• EXERCISE AIM: Repeat the data verbatim, images excluded.

** DATASET CONTENT follows **

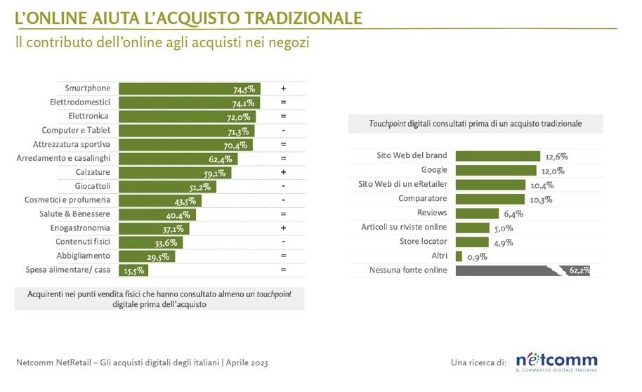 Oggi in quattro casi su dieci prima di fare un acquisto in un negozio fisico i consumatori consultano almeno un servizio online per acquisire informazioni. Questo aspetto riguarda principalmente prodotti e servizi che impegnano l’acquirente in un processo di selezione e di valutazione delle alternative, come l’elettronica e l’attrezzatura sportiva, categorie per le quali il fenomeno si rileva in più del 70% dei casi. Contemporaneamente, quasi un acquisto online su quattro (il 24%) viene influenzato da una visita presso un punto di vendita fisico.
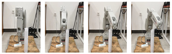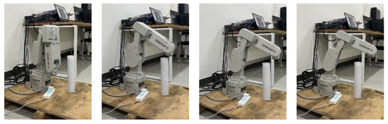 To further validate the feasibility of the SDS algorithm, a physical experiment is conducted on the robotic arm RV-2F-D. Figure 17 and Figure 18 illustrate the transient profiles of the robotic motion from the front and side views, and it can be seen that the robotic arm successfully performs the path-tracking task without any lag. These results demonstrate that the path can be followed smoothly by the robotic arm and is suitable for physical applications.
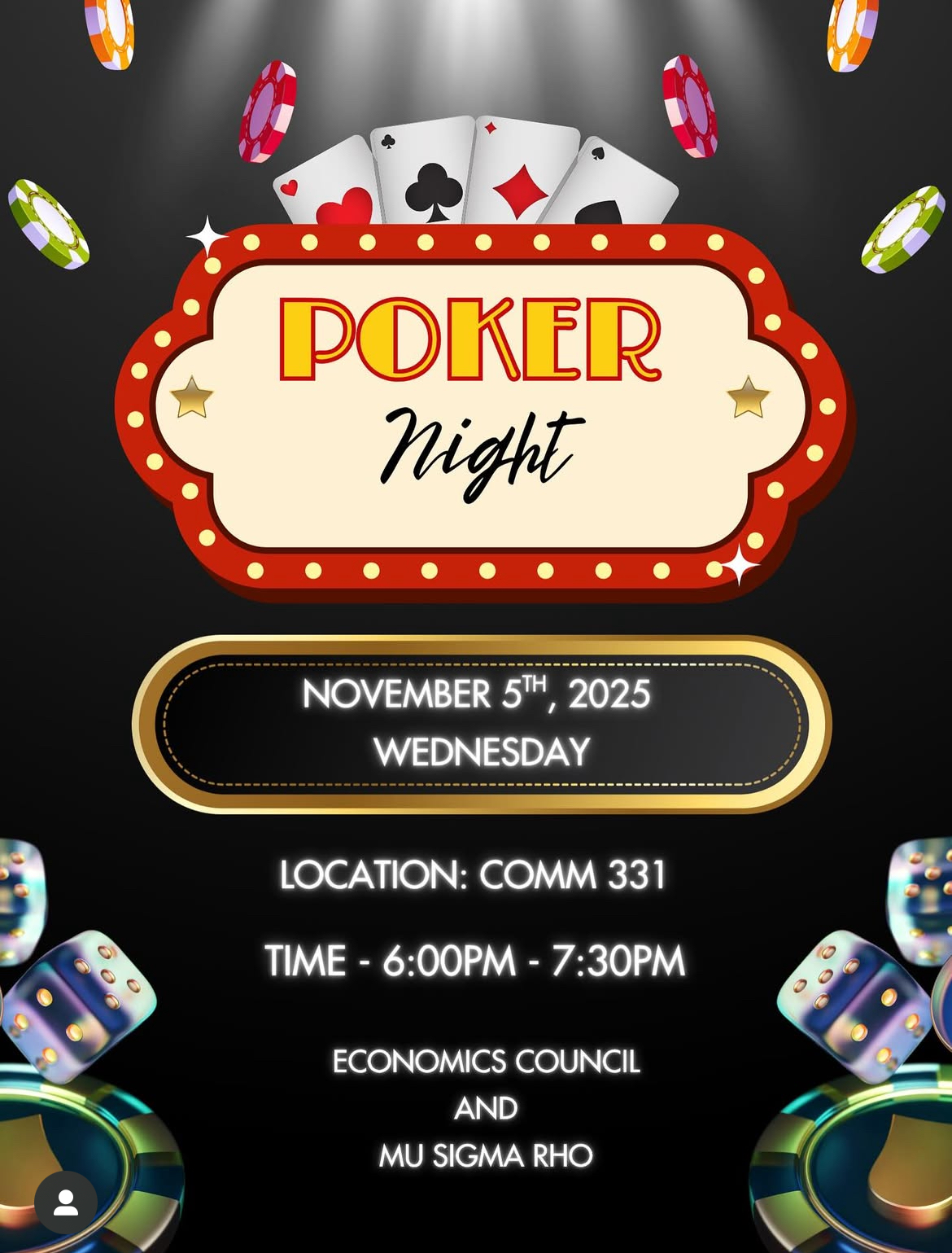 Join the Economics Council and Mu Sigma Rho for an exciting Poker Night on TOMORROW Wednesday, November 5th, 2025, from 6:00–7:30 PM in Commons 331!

** End of DATASET CONTENT **

• RESULT OF THIS EXERCISE:
 Oggi in quattro casi su dieci prima di fare un acquisto in un negozio fisico i consumatori consultano almeno un servizio online per acquisire informazioni. Questo aspetto riguarda principalmente prodotti e servizi che impegnano l’acquirente in un processo di selezione e di valutazione delle alternative, come l’elettronica e l’attrezzatura sportiva, categorie per le quali il fenomeno si rileva in più del 70% dei casi. Contemporaneamente, quasi un acquisto online su quattro (il 24%) viene influenzato da una visita presso un punto di vendita fisico.
 To further validate the feasibility of the SDS algorithm, a physical experiment is conducted on the robotic arm RV-2F-D. Figure 17 and Figure 18 illustrate the transient profiles of the robotic motion from the front and side views, and it can be seen that the robotic arm successfully performs the path-tracking task without any lag. These results demonstrate that the path can be followed smoothly by the robotic arm and is suitable for physical applications.
 Join the Economics Council and Mu Sigma Rho for an exciting Poker Night on TOMORROW Wednesday, November 5th, 2025, from 6:00–7:30 PM in Commons 331!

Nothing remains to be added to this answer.